Producers of high-end, luxury consumables market their brands to differentiate their products from the competition and obtain the best prices possible, Campbell stated.

Radcliffe also said the GNWT is doing virtually nothing to expand the fur trapping industry.

He said the number of trappers has gone down steadily in the NWT since 1967.

Radcliffe said that according to the Department of Environment and Natural Resources website there were about 1,800 trappers that year. Last year, according to the GNWT, there were 700 trappers in the territory.

Furthermore, Radcliffe said that it is virtually impossible for a non-aboriginal to get a trapping licence.

"Somebody like me who's been here for 53 years, all my life, I can't get a trapping licence," Radcliffe said.

"The way the new wildlife act is structured, what ENR requires is approval for a hunters and trappers association or from a band council."

Radcliffe said he has applied 26 years in a row to the Yellowknives Dene First Nation for a trapping licence.

"Most of the time they don't respond. I've only gotten three responses ever and if there's no response, the government considers that a no. If the band does respond, they respond with a no."

Campbell stated the GNWT continues to support youth trapping and school does respond, they respond with a no."

Campbell stated the GNWT continues to support youth trapping and school programs to expand the base of the trapping industry and the traditional economy.

Radcliffe said he doesn't watch the TV show Fur Harvesters NWT, but he does not understand why the GNWT felt it was necessary to take the show's star, Andrew Stanley, with them on their recent trade junket to China and Japan.

"Can you imagine the government paying him to go to China to be an ambassador for the NWT. There's nothing wrong with the guy but he's not an ambassador.

He's a trapper. You're not going to put him in a suit and tie and take him to a business meeting with Chinese fur buyers who spend tens of millions of dollars and hope that they are going to buy any more fur."

In her e-mail, Campbell defended the decision and praised Stanley.

"Mr. Stanley is an excellent ambassador for the trapping industry in the NWT and personifies another unique aspect of life in the North. His involvement in the trade mission to China and Japan, being an actual producer, bought an added dimension to the marketing of the brand," she stated.

Mark Taylor, the trapper relations manager with the Fur Harvesters Auction, based in North Bay, Ont., said he understands why the GNWT would want to market its fur even if the supply is finite.

"The intention would be to try to get more buyers in China interested in, and buying, NWT fur so that the price would increase," Taylor said.

"They are trying to get new buyers that did not know about NWT fur, increasing demand and upping the price per skin."

Taylor agrees that some NWT fur is considered the best in the world.

"Marten, lynx, wolverine, wolves are some of the best fur that comes out of North America," he said.

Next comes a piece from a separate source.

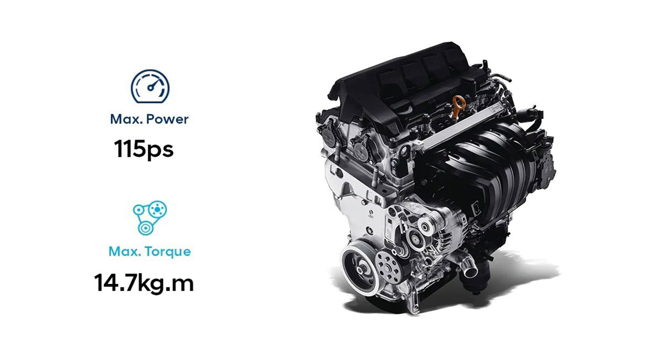Công suất cực đại đạt 115ps tại 6,300 vòng/phút Momen xoắn cực đại đat 144Nm tại 4,500 vòng/phút.
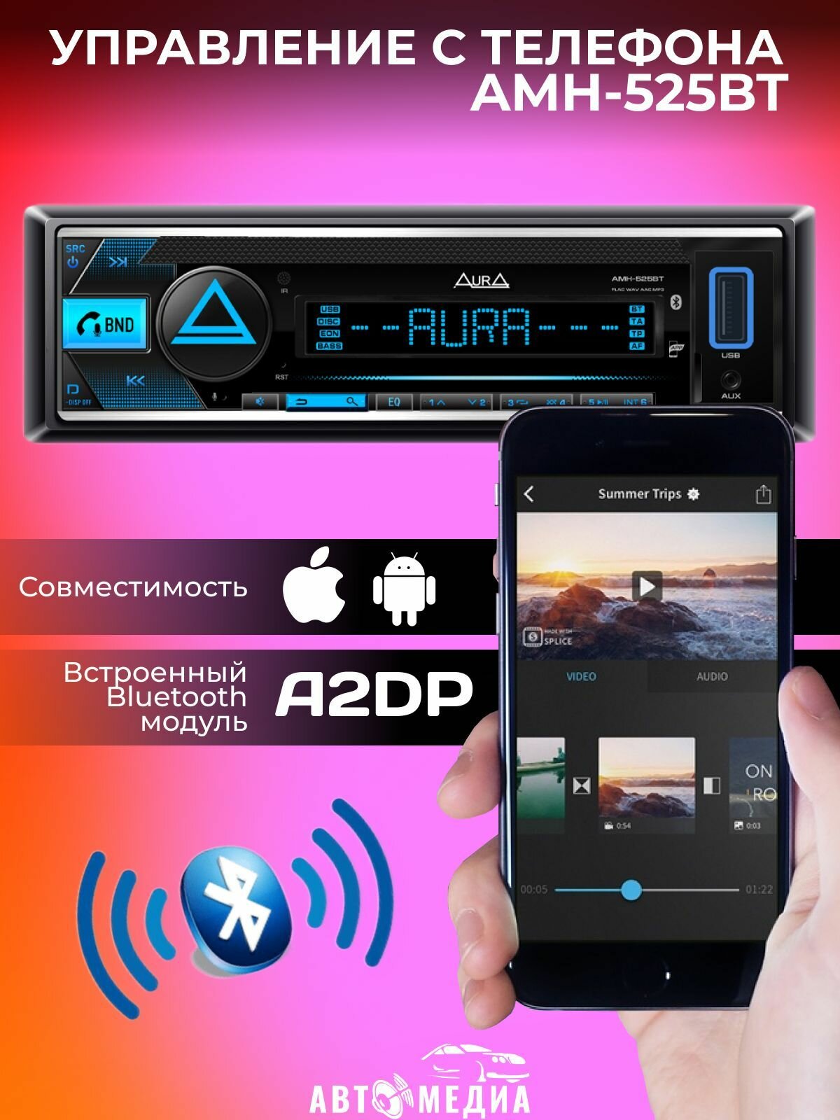 Ниже Вы можете прочитать отзывы на Автомагнитола Aura AMH-525BT /Подключение кнопок на руле/ Bluetooth / FLAC, MP3 / RGB-подсветка / 10-полосный эквалайзер /, ознакомится с подробными характеристиками, посмотреть интересные обзоры и фотографии на Автомагнитола Aura AMH-525BT /Подключение кнопок на руле/ Bluetooth / FLAC, MP3 / RGB-подсветка / 10-полосный эквалайзер /.

Taylor said that it is his organization that actually sells NWT furs. He explained that the process is a little bit complicated.

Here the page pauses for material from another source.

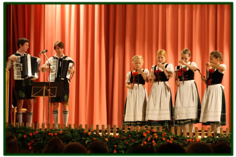 Dass schon der Kleinste mit 5 Jahren einen Schuhplattler ohne jegliche Aufregung auf der Bühne präsentiert und somit so manchem langjährigen Trachtler „in die Schuhe hilft“ war schon mehr als erstaunlich. Auch sonst begann der Abend mit den groß(artig)en Kleinen.

"The territorial government has a program set up whereby they pay trappers an advance for their furs, they then send the furs to us on consignment. When the fur is sold we send the money back to the NWT and then the disperse that money if the fur sold for more than the trappers advance."

Radcliffe said that amounts to an artificial marketplace, calling it unfair to taxpayers and people who want to trap but can't get a licence.